If I could I would have it for every meal.
Used to do 2 meals a day of 12 eggs and 2 slices of ezekial bread with peanut  butter on them - i love that one also - can't pre cook eggs - so it makes it tough for work


----------



## healthywitch (Jun 23, 2017)

I am on a vegan diet right now, it's been 3-months since I last ate burger and fries and so far I am getting used to it. I do an hour run by 5am then eat my breakfast after 2-hours. A cup of cereal or oatmeal is enough, sometimes I pair it with an apple or banana. As for lunch I only eat veggies and fish. No more meal after 5pm as I am about to start my cardio exercise. More water in take, and of course my favorite flavored drink apple cider with honey and lemon.


----------



## Sully (Jun 23, 2017)

healthywitch said:


> I am on a vegan diet right now, it's been 3-months since I last ate burger and fries and so far I am getting used to it. I do an hour run by 5am then eat my breakfast after 2-hours. A cup of cereal or oatmeal is enough, sometimes I pair it with an apple or banana. As for lunch I only eat veggies and fish. No more meal after 5pm as I am about to start my cardio exercise. More water in take, and of course my favorite flavored drink apple cider with honey and lemon.
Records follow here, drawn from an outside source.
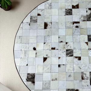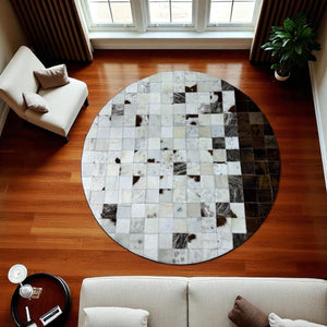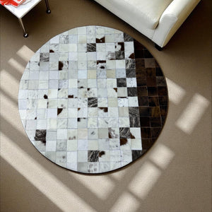Kahve Beyaz Yuvarlak Dana Derisi Halı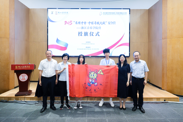 莊莉萍、蔡亦軍共同為2025“親情中華·中國尋根之旅”夏令營——浙江音樂學(xué)院營授旗,正式宣布開營。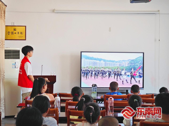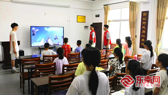 志愿队队员与孩子们观看天安门国旗护卫队升旗视频。杨明钧 摄 东南网8月11日讯(通讯员 杨明钧)为助力《新时代爱国主义教育实施纲要》的实施,积极推动文化科技卫生“三下乡”,近日,福建农林大学校国旗护卫队赴长泰区枋洋镇志愿队在枋洋镇青阳村卢经廉政文化教育基地开展了以“借国旗的一抹鲜红,铸孩童心中的信仰”为主题的爱国主义教育活动。 当天,志愿队队员借《中华人民共和国国旗法》、天安门国旗护卫队以及福建农林大学校国旗护卫队的升旗视频,进行以护旗爱旗为主题的爱国主义教育。 队员们表示,国旗象征着一个国家的精神与民族气概,在孩子的早期教育中穿插红色故事与家国大事,有助于帮助他们树立自己的志向,鼓励他们在人生的沃野中持续奔跑,引导他们把爱国情、强国志、报国行融入到日常学习生活中去。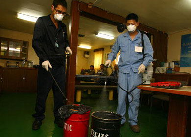 4月28日,浙江寧波檢驗(yàn)檢疫工作人員在一艘船上為海員測(cè)量體溫。目前,浙江省寧波市檢驗(yàn)檢疫、邊防檢查等部門(mén)已啟動(dòng)應(yīng)急機(jī)制和措施,嚴(yán)防豬流感疫情流入。新華社發(fā)(代茂增 攝)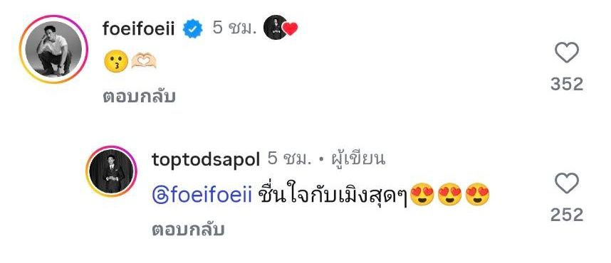 งานนี้นอกจากจะมีเพื่อนๆ แฟนๆ อวยพรปีใหม่และคอมเมนต์แซวแล้ว ด้านเฟย ภัทร ก็คอมเมนต์เป็นอีโมจิจุ๊บและทำมือรูปหัวใจ ก่อนที่ท็อปจะตอบกลับว่า “ชื่นใจกับเมิงสุดๆ”
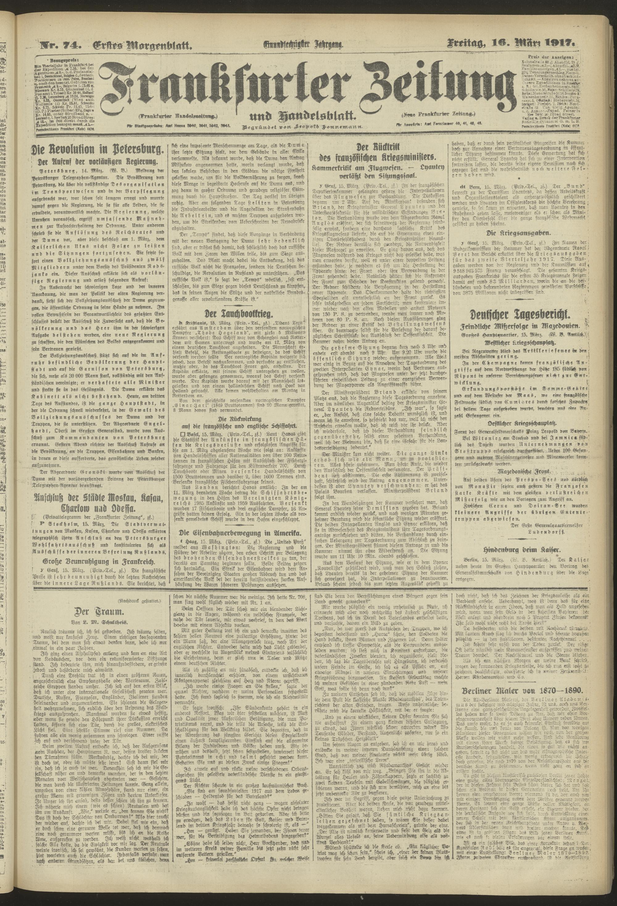 16.03.1917 = Nr. 74. Erstes Morgenblatt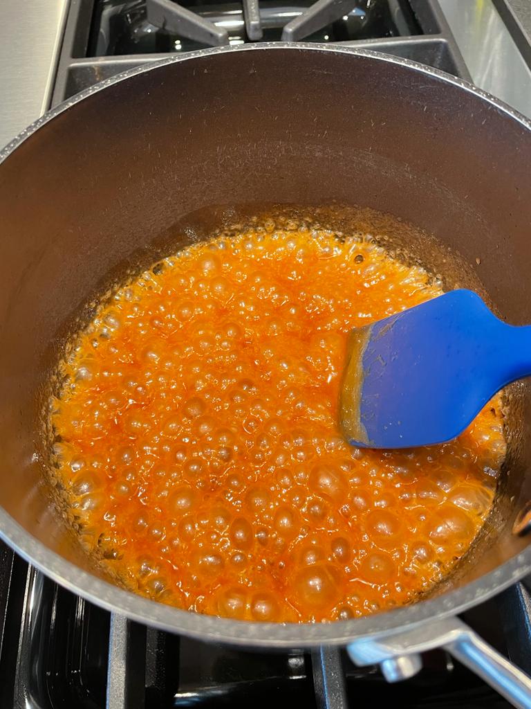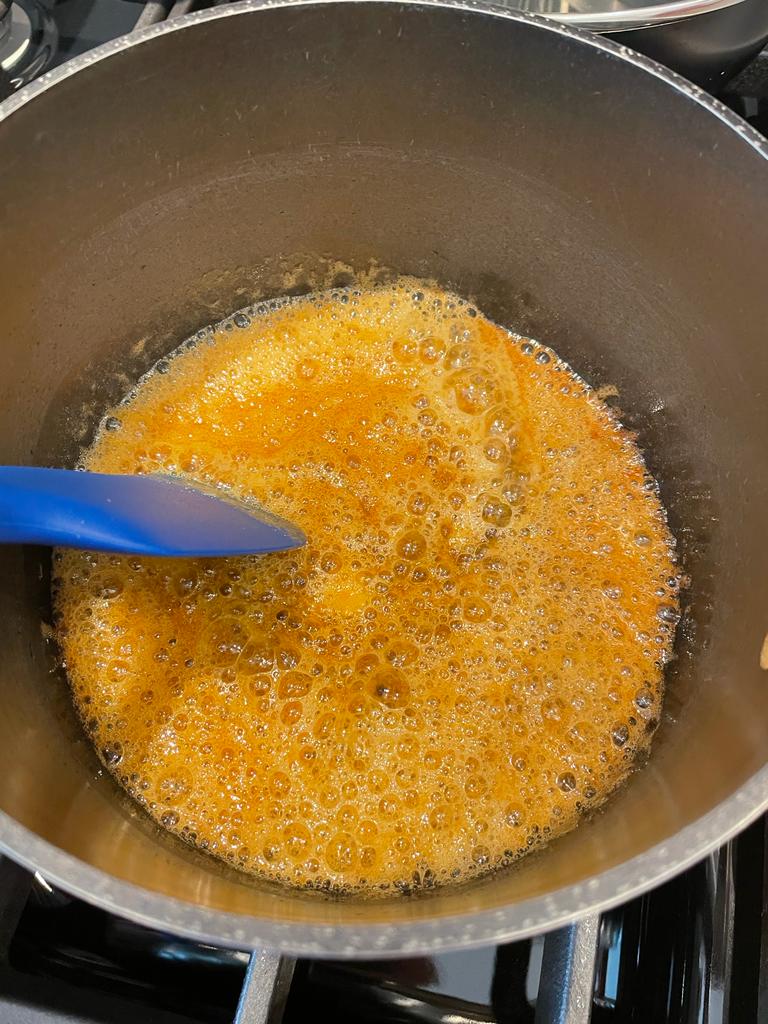 - At this stage add in the butter carefully (it will bubble vigorously) and stir until it has melted and is fully mixed into the caramel.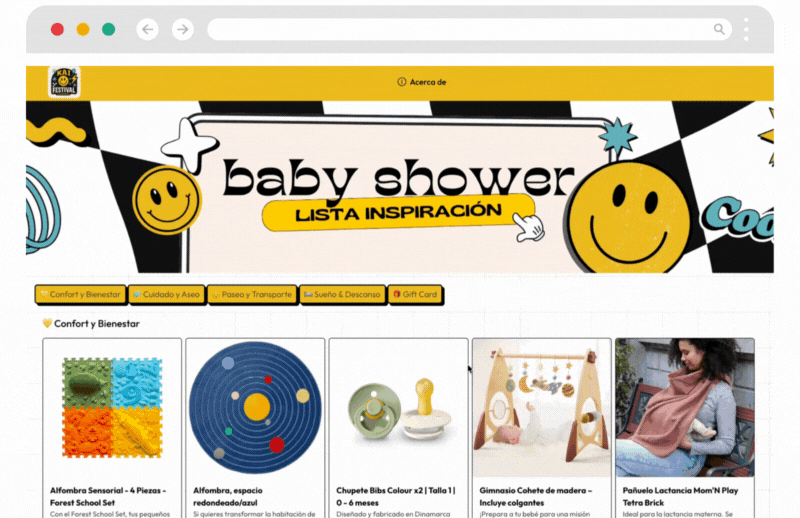 ¿Qué pasa si yo quiero elegir productos de diferentes tiendas? ¿Y si uno está en Amazon, otro en Falabella y otro en una tienda independiente? Me vi forzada a crear varias listas de regalos baby shower, una por cada tienda. Una pesadilla logística tanto para mí como para mis invitados.
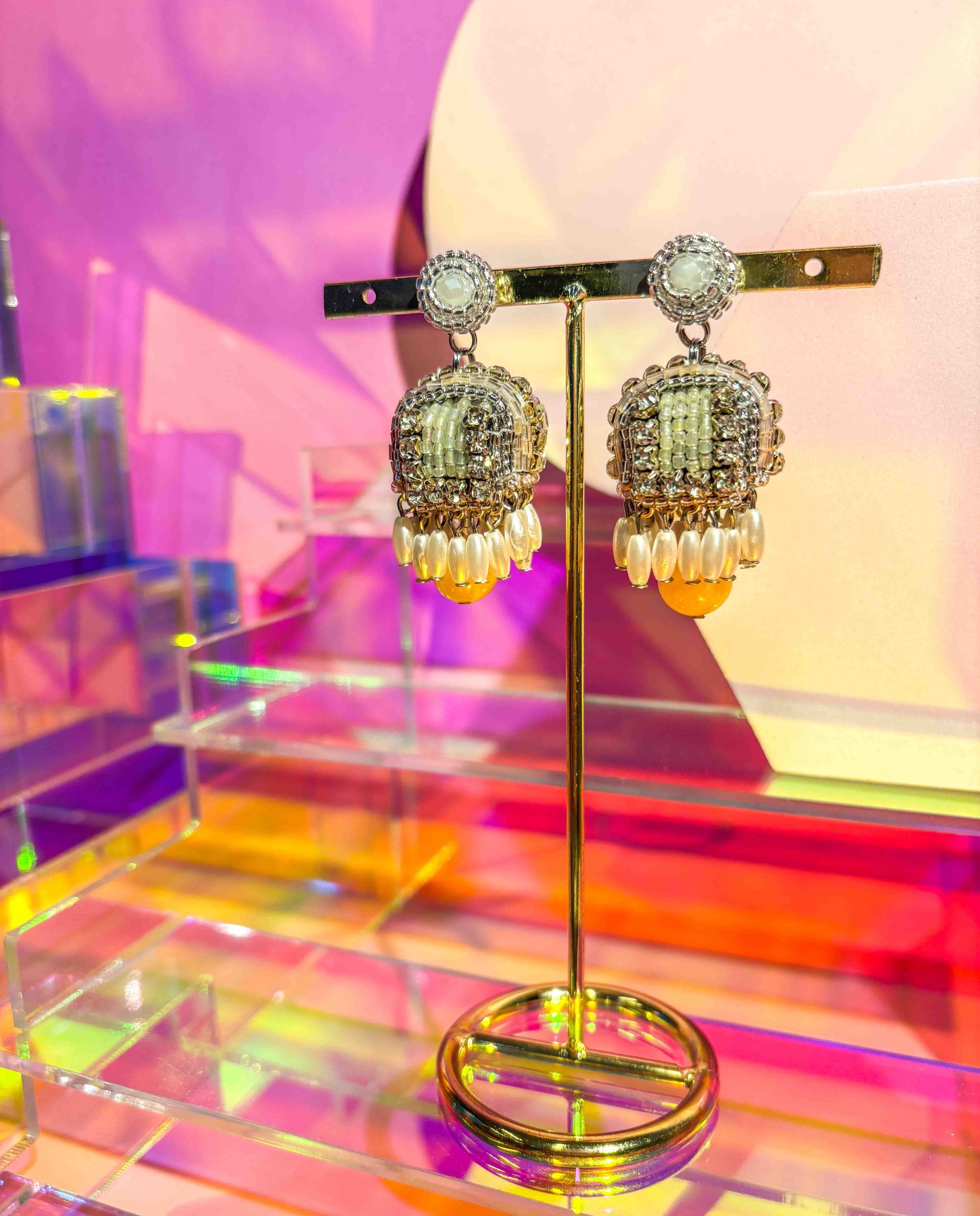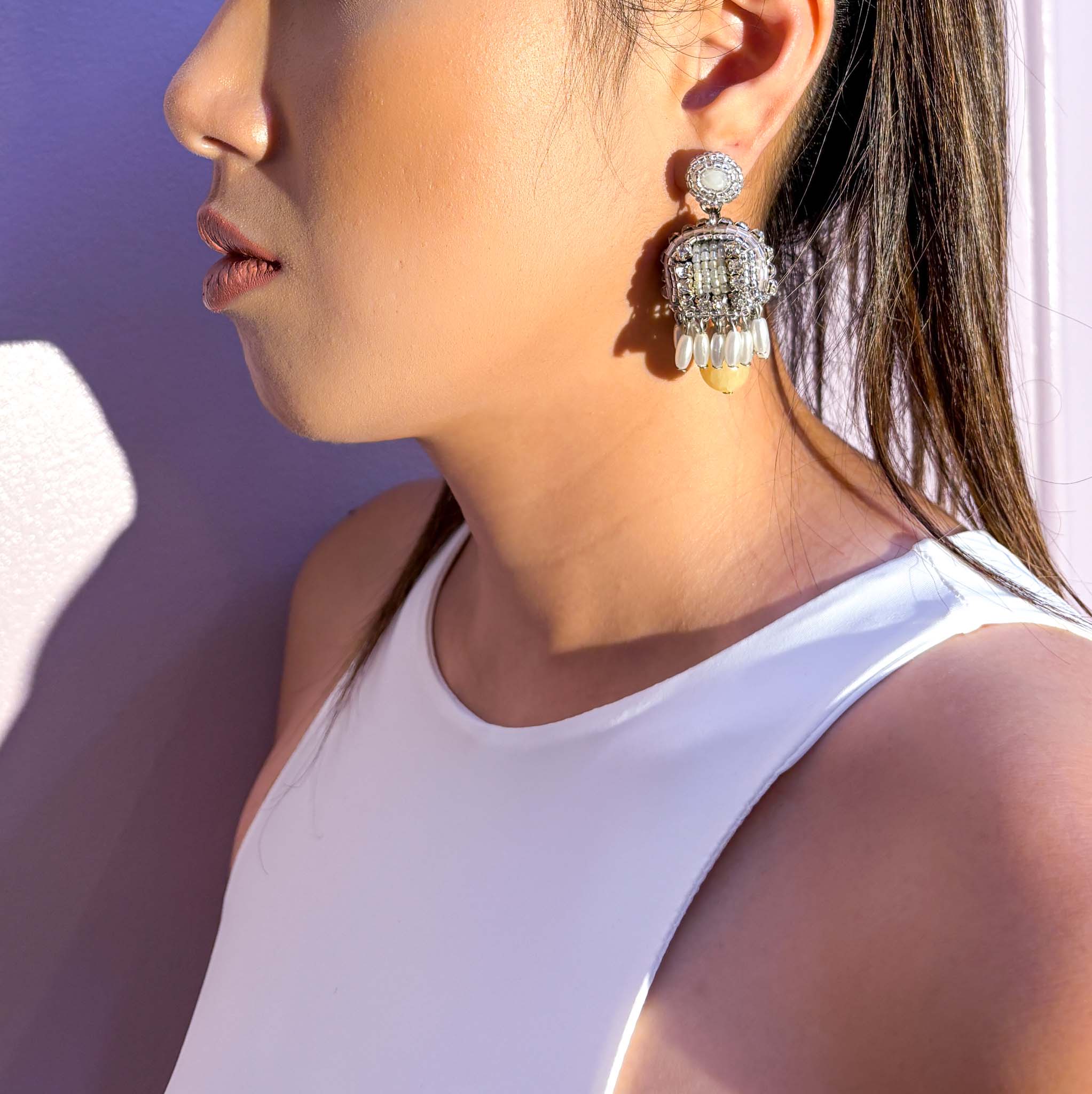 These lantern earrings glow with the soft radiance of daylight with their hints of warm butter yellow, and with Yellow Jade stone lightbulbs framed with white pearlescent fringe. This dreamy pair is hand-stitched and assembled with rhinestones, japanese and taiwanese seed beads.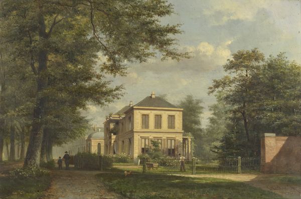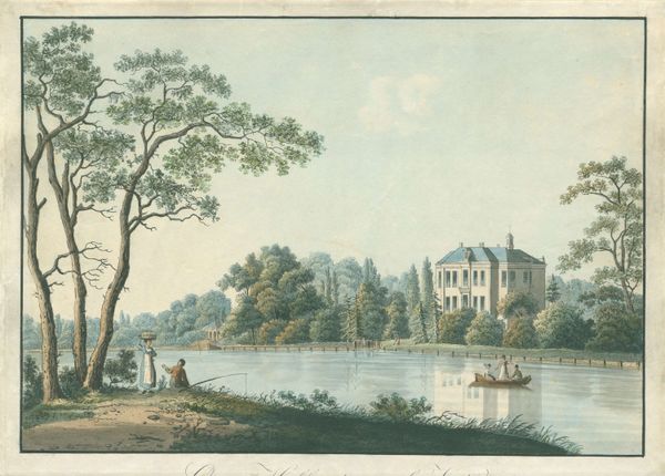 Curator: Looking at J.F. Clemens' "Sanderumgaard", made between 1748 and 1831, it is a quintessentially Romantic vision of landscape as both idyll and projection of social status. What is your immediate reaction? Editor: It evokes a sense of placid comfort. I notice first how the reflection on the water creates a sense of doubled, mirrored reality; how was this achieved? Curator: The work employs aquatint, so it is a print; this one has the added touch of color. The artist is documenting an estate, framing it through very controlled picturesque conventions. The family appears small, as though incidental, on their leisurely boating on the lake. How is labor reflected in this artwork, and how do you see social status? Editor: Yes, the leisure class at ease and removed from visible labor are certainly being presented. It begs the question, what kind of labor went into creating not just the artwork itself, but the idealized vision being presented? Who benefits? There are many possible relationships between land and labor embedded in that scene. Curator: It is worth mentioning, Clemens produced several landscape images; here, he’s playing into both the tradition of plein-air painting and a very deliberately curated construction of the landed gentry in Denmark. How would the local population have experienced this idealized view of the Sanderumgaard estate and the power structures inherent within? This piece and its perspective create both aesthetic pleasure and political distancing. Editor: Agreed; the estate itself would require upkeep by servants. Its very being depended on them and other lower members of the classes, not unlike how this art piece requires ink, paper, a press, et cetera, whose social contexts influence its very image. That being said, there's undeniable skill on display; the application of color, for example, creates depth that belies the two-dimensional surface. Curator: Absolutely, Clemens expertly employs light to evoke serenity, a key tenet of Romanticism. Editor: Understanding this art requires attention to the material realities as much as the theoretical ideals they present, reminding us how all forms of labor leave their trace, both visible and invisible. Curator: And interrogating the idyllic through a political and theoretical lens deepens our viewing experience.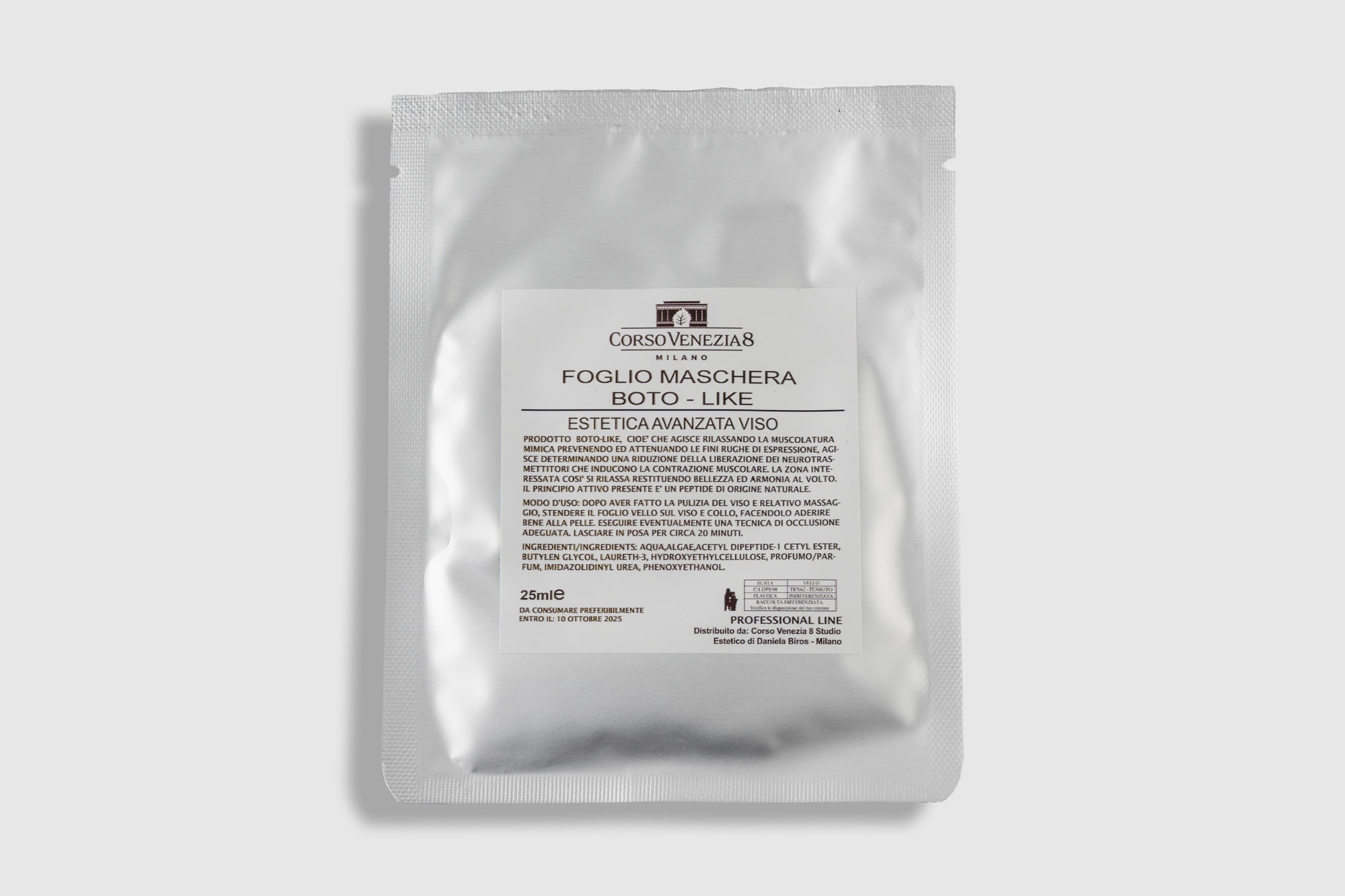Maschera cosmetica che aiuta a migliorare l’aspetto delle rughe, favorendo una pelle più liscia, luminosa e compatta.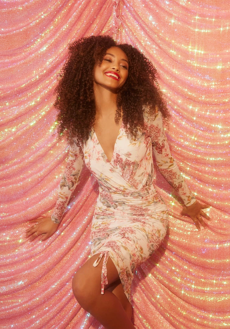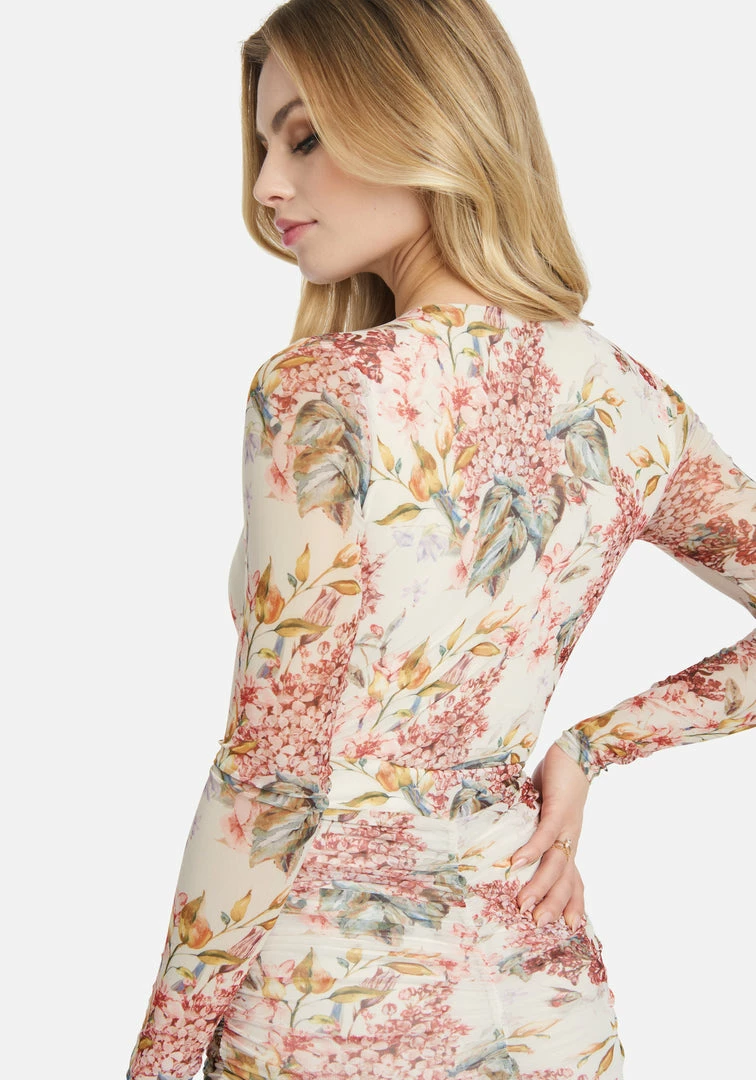 Floral printed mesh meets a flirty wrap front with this bodysuit. Style with its matching skirt for the ultimate romantic mood – or dress more casual with your favorite pair of jeans.

You do realize that if you eat fish, you are not on a vegan diet, right? The paradigm of a vegan diet means that you consume no animal products of any kind, including fish, any form of dairy product, eggs, animal oils used in cooking food, and a bunch of other nonsensical stupidity. 

By the way, vegan diets are inherently stupid.


----------



## BigBob (Jun 23, 2017)

Barbeque chicken and rice with veggies. Fast and easy. Also love eggs. Could eat them all the time. 

Sent from my Nexus 5X using Tapatalk


----------



## Sandpig (Jun 24, 2017)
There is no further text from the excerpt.